How to Stay Safe Online

This article was originally written for ArrowQuick Solutions, a technology consultancy for small businesses.

Posted on October 27, 2010
October is Cyber Security Month

The web is arguably the best opportunity for attackers and scammers. There are many technologies in play that can be taken advantage of, and its global reach means they can go after many potential victims quickly. Here are some tips to keep in mind as you visit websites.

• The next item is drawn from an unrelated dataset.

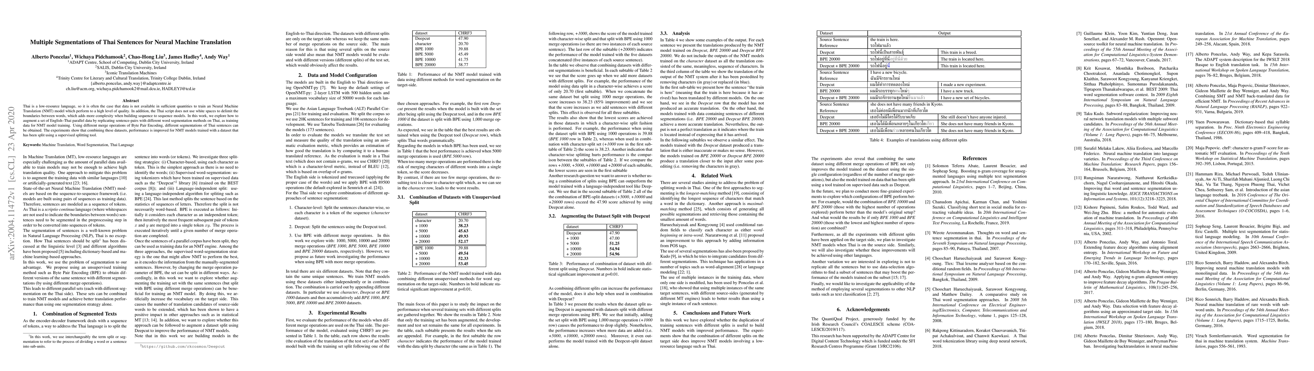 This paper investigates augmenting a low-resource English-Thai parallel dataset for Neural Machine Translation by applying various word segmentation methods on Thai sentences, including different merge operations of Byte Pair Encoding. The results indicate that combining these segmentations enhances the performance of NMT models.

  • Use an up-to-date web browser. Your web browser is the intermediary between you and the websites you visit, so you should always use the newest version to protect yourself from the latest attacks. If you use the computer’s pre-installed browser, make sure Windows Update (or Software Update on a Mac) runs periodically. Most other browsers have an auto-update feature.
  • Avoid downloading programs from unknown sources. Just as you shouldn’t open strange attachments you receive in your Inbox, don’t accept or open a file download if you didn’t ask for it.
  • Use strong passwords. Do not use your Social Security number or birthday as a password. Use combinations of letters, numbers, and special characters such as “pound” (#) and “at” (@) signs. Having a different password for each of your various online accounts is the most secure — using a password manager like KeePass makes multiple passwords easy to manage.
  • Use secure websites when shopping and banking. First, only use websites that you trust and are reputable. Second, make sure that the process is secure and encrypted — look for “secure transaction” symbols like a padlock symbol and the “https://…” prefix in the address bar of the website. Many websites will also display the trusted name of the company in a green or blue box in the address bar.
  • Always log off from any website when finished. Whether it’s a bank website, an e-commerce site, or Facebook, it’s always safer to log off when you are done to prevent unauthorized access to your account information. If you cannot log off, close your browser. Turn off the computer (or lock it) when you’re done using it.
  • Conduct private transactions on secure computers only. Activities like banking and shopping should only be conducted on a computer you know to be safe and secure. Public computers (those at internet cafes, libraries, etc.) should be used with caution, due to shared use and possible tampering. Also, be careful when using public internet access (such as the wi-fi at a cafe) if the website is not secure.